本書は、前著『モチーフで読む美術史』と同じく、美術に登場するさまざまなモチーフを紹介し、具体的な作品によってその意味を探るものである。前著は幸いなことに、多くの読者を得て増刷を重ねることができ、韓国、台湾、中国にも翻訳されて出版されている。
前著ではひとつのモチーフに2、3点しか図版がなかったが、今回は図版をより増やして文章量も増やし、より充実した内容となっており、選りすぐった50点のモチーフを通じて古今東西の美術を紹介するものである。
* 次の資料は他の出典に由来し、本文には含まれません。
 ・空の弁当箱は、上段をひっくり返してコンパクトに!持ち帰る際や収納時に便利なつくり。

たとえば、冒頭のモチーフ「蠅」は、西洋美術にしばしば蠅が描かれることを紹介することに始まる。本物の蠅が絵の表面にとまっているように見せかけて人をだます仕掛けであった。象、狼、亀、栗鼠、鸚鵡といった動物のほか、松や桜、オリーブやナツメヤシといった植物や果物、また、扇や傘、眼鏡や楽器、骰子やトランプといった小道具が作品の中でどのような役割や意味をもっているのか、さらに、風や雨、雲や雪がどのように表現されてきたのかを、東西の名作を通して考えてみた。
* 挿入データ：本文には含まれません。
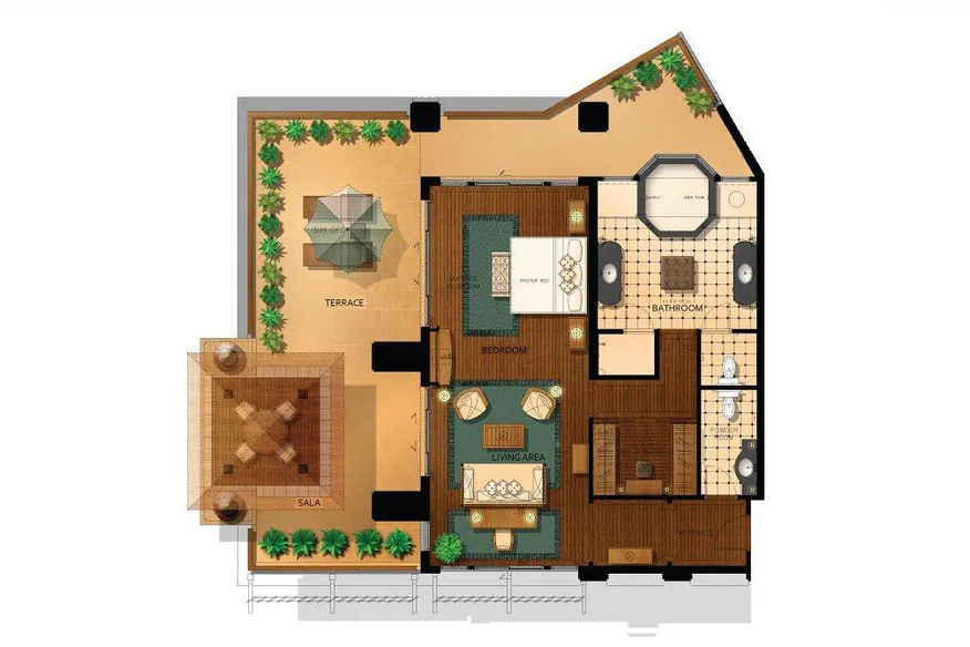 Люкс на верхних этажах, открытая планировка (внутренняя площадь 98 м²) с двуспальной кроватью king-size и гостиной зоной с большим диваном и двумя креслами, возможность дополнительного спального места, отдельная ванная комната с панорамным окном, душем и ванной; туалетно-косметические средства класса люкс (Aromatherapy Associates), гардеробная; собственная терраса (71м²) с павильоном-джакузи для 2-х гостей, беседкой с шезлонгами и обеденной зоной; вид на океан; план номера;

一見すると前著よりも珍しいモチーフも多いが、いずれも美術に頻出するモチーフであり、知っていれば美術を見るときに楽しめるにちがいない。美術を見るということは、感性だけの営為ではなく、非常に知的な行為なのだ。知識があればあるほど作品の意味や機能、作者や注文者の意図がわかって楽しめるし、知識があって鑑賞の邪魔になることはありえない。
前著をご覧くださった方はもちろん、この本から入っていただくのも大歓迎である。本書を契機に、美術に興味を持って美術館に行っていただければ幸いである。